• Material provided:

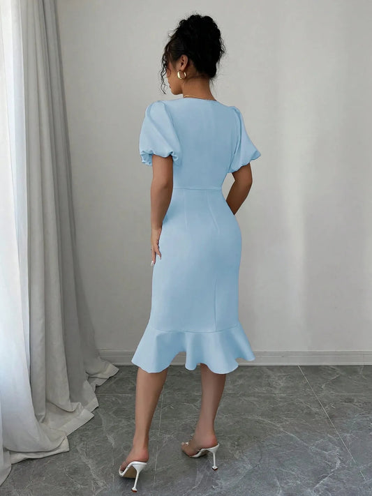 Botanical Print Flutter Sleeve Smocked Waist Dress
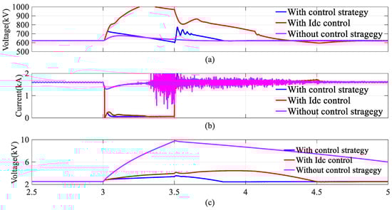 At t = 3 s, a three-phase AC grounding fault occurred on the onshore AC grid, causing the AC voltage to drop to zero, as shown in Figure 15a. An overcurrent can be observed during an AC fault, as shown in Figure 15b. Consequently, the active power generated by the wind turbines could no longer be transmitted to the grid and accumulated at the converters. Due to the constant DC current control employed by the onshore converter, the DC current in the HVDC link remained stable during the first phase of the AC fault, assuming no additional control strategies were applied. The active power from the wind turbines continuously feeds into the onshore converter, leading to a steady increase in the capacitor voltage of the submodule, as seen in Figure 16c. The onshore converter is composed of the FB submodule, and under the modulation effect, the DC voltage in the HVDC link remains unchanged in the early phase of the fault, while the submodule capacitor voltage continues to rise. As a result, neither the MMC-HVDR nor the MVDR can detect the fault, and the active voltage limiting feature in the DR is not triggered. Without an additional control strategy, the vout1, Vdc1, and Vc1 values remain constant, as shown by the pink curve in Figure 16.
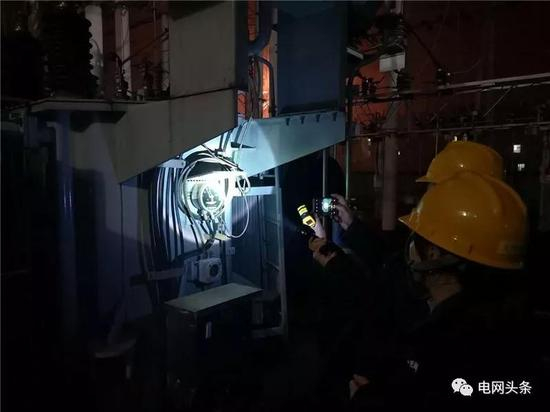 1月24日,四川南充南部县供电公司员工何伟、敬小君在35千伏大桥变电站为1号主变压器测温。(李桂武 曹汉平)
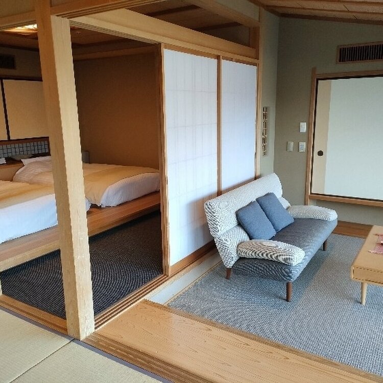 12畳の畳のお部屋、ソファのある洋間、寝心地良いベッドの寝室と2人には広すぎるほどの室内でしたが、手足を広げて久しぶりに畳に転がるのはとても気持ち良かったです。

• Exercise prompt:
Leave out the images and copy all remaining data word for word.

• Response area:
 Botanical Print Flutter Sleeve Smocked Waist Dress
 At t = 3 s, a three-phase AC grounding fault occurred on the onshore AC grid, causing the AC voltage to drop to zero, as shown in Figure 15a. An overcurrent can be observed during an AC fault, as shown in Figure 15b. Consequently, the active power generated by the wind turbines could no longer be transmitted to the grid and accumulated at the converters. Due to the constant DC current control employed by the onshore converter, the DC current in the HVDC link remained stable during the first phase of the AC fault, assuming no additional control strategies were applied. The active power from the wind turbines continuously feeds into the onshore converter, leading to a steady increase in the capacitor voltage of the submodule, as seen in Figure 16c. The onshore converter is composed of the FB submodule, and under the modulation effect, the DC voltage in the HVDC link remains unchanged in the early phase of the fault, while the submodule capacitor voltage continues to rise. As a result, neither the MMC-HVDR nor the MVDR can detect the fault, and the active voltage limiting feature in the DR is not triggered. Without an additional control strategy, the vout1, Vdc1, and Vc1 values remain constant, as shown by the pink curve in Figure 16.
 1月24日,四川南充南部县供电公司员工何伟、敬小君在35千伏大桥变电站为1号主变压器测温。(李桂武 曹汉平)
 12畳の畳のお部屋、ソファのある洋間、寝心地良いベッドの寝室と2人には広すぎるほどの室内でしたが、手足を広げて久しぶりに畳に転がるのはとても気持ち良かったです。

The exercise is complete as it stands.